Но после всего пережитого за эти дни я уже не могла обмануться.
Человек, писавший эти картины, сидел или стоял перед своими моделями, мертвыми или охваченными животным ужасом. Он вдыхал запах смерти или страха, исходивший от них. Что он чувствовал при этом? Если предположить, что все они были мертвы с самого начала, то возникает вопрос – как долго человек может находиться в одной комнате с трупом? В непосредственной близости от него? Рисуя и одновременно наблюдая процесс разложения плоти? Мне не раз приходилось фотографировать мертвых людей, и я знаю, какое это испытание. Впрочем, для кого как. Может быть, нормальному человеку это тяжело вынести, а маньякам, напротив, приятно. Хотя опять же это вопрос времени. В конце концов наступает момент, когда даже самый одержимый некрофил физически не в состоянии выносить запах… Или и тут я ошибаюсь?
– Интересно, сколько времени в среднем может уйти на написание такой картины? – спросила я Кайсера.
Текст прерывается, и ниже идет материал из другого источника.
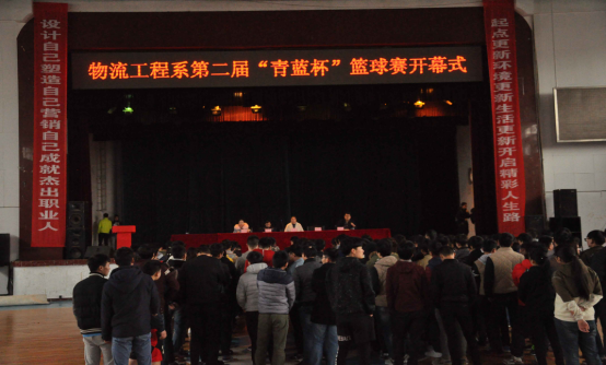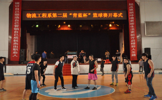 为丰富大学生的课余生活,提高大学生的综合素质,增强团队精神和集体凝聚力,展现大学生积极向上的风貌,提高同学们的身体素质,物流工程系本学期迎来第二届“青蓝杯”篮球赛并于2017年3月14日13:50在体育馆举办了开幕式。物工系主任钟静、系党总支副书记梁飞、系学生干事梁林飞、系团总支书记高琪昕以及辅导员马菊出席开幕式。

– Эксперты говорят, день-два. Не знаю, на чем основаны их предположения, так что оспаривать не берусь. Но вчера я прочитал в одной умной книге, что настоящие импрессионисты считали, что картину надо писать за один присест.
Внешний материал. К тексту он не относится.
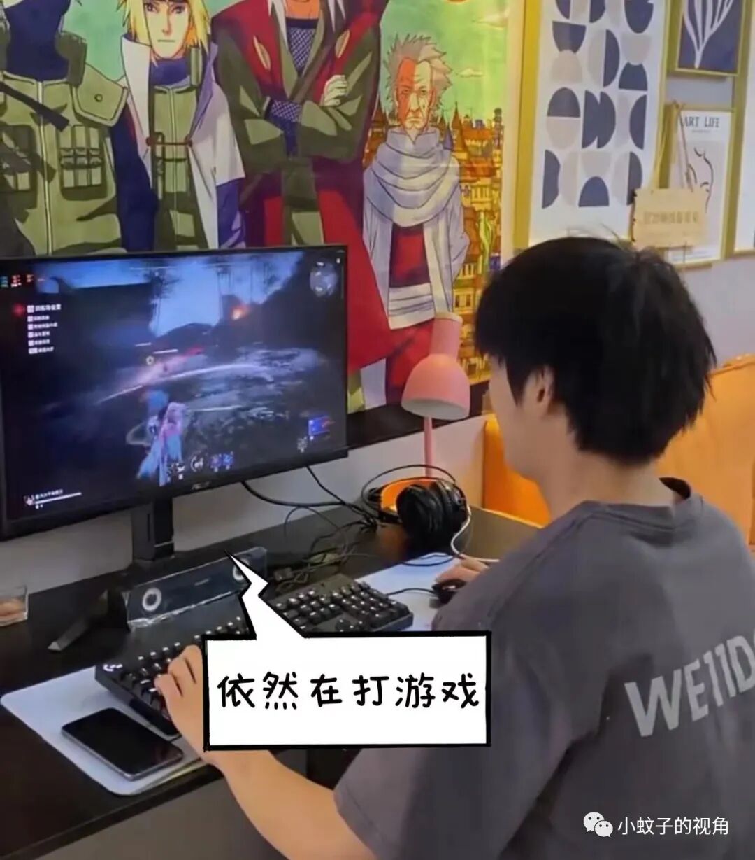 结果,玩到忘记了时间,一直到女孩回家,他还坐在电脑跟前打游戏。

– Если предположить, что модели мертвы, каким образом ему удавалось находиться рядом с ними так долго? Он их что, бальзамировал?
– Все возможно.
Я сделала еще несколько кадров последней из картин.
– Взгляните повнимательнее. Вы можете определить, мертва эта женщина или нет?
Кайсер подошел к картине вплотную и вперил в нее пристальный взгляд.
– Трудно сказать, – наконец изрек он. – Очевидных признаков смерти я не нахожу. Глаза закрыты, но это ведь ничего не значит. – Он обернулся, задумчиво пожевал губами. – И где вообще пролегает видимая граница между жизнью и смертью, кто ответит?
– Мертвые.
– Они ничего не скажут.
– Вот вам и ответ на вопрос, где пролегает граница. – Я вынула последнюю пленку. – У меня все. Пойдемте обратно.
Слева от меня из ниоткуда, словно привидение, возникла молчаливая Ли и приглашающе повела рукой.